My neighbors are awesome
This doesn’t have much to do with money, but it does reinforce the theme of community I wrote about a couple of weeks ago. Upon being hit, we were immediately shrouded with care from strangers on the street. One woman called the police for us. A man bought us bottled water from the local CVS. And a handful of others helped us find a place to sit and then calmed us down before the police and fire department showed up. I mentioned in the Fallen Fruit post that, lately, I’ve felt an urge to give back to the community; this experience fueled that urge even more. Also, slap me if I ever again complain about how “soft” Los Angelenos are.

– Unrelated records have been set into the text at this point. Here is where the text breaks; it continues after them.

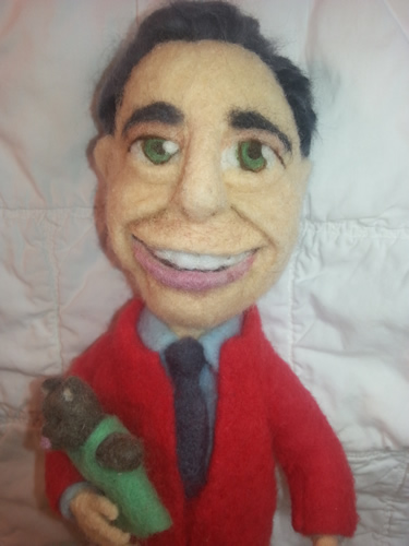 DescriptionThis is a needle felted doll, made with nothing except dyed sheep's wool. The doll stands approximately 13 inches tall. Made by Shauna Shepherd in 2016. |
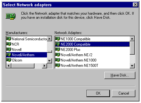 When you install Windows 95, you can choose to have Setup locate installed network adapter cards. Windows 95 includes a large database of information about hundreds of popular NICs and their default settings. If a NIC is installed in the client, chances are that Windows 95 can automatically locate the NIC and load the proper drivers for it during the installation process.
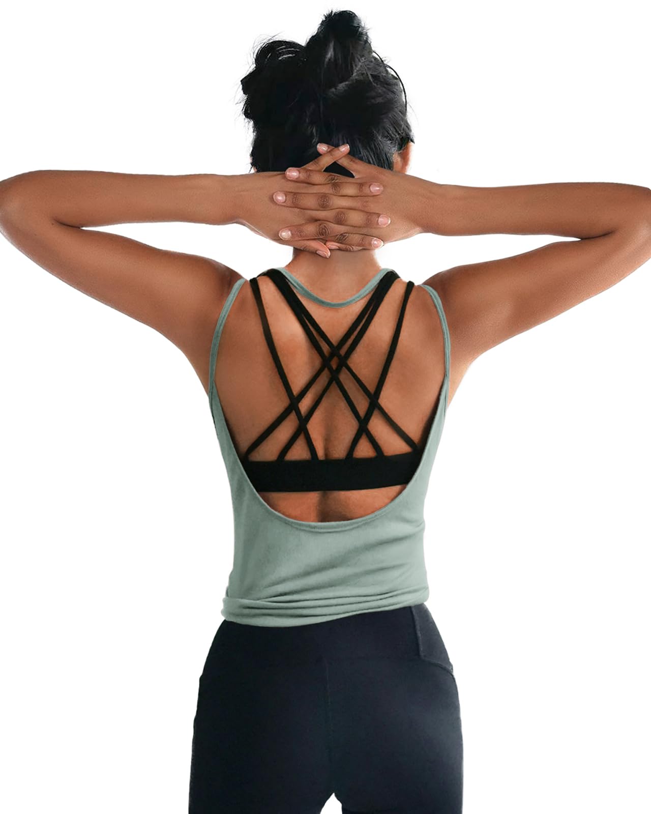 Design : This top is made of a light stretchy knit fabric. It is with unique and interesting backs, has a cooling effect on the skin, just what you want to stay cool in the summer while working out

I didn’t realize just how much time I would spend dealing with the aftermath of this — it’s almost been a part-time job. Luckily, the other party’s insurance has been mostly accommodating in making sure we’re reimbursed for our time, money and property. Mostly, I’d just like to move on and pretend like this thing was never in my life to begin with. I’d like to be in denial that it ever happened, and maybe get back to not liking Sundays just because they’re Sundays, and not because scary things happen during that day of the week and that time of day.
The insurance and money-related hurdles have been a pain, and I’m ready to stop thinking about them. I’m ready get back to what matters — what I’m extraordinarily grateful to have walked away with from that accident — my health, my life partner and my antenna ball.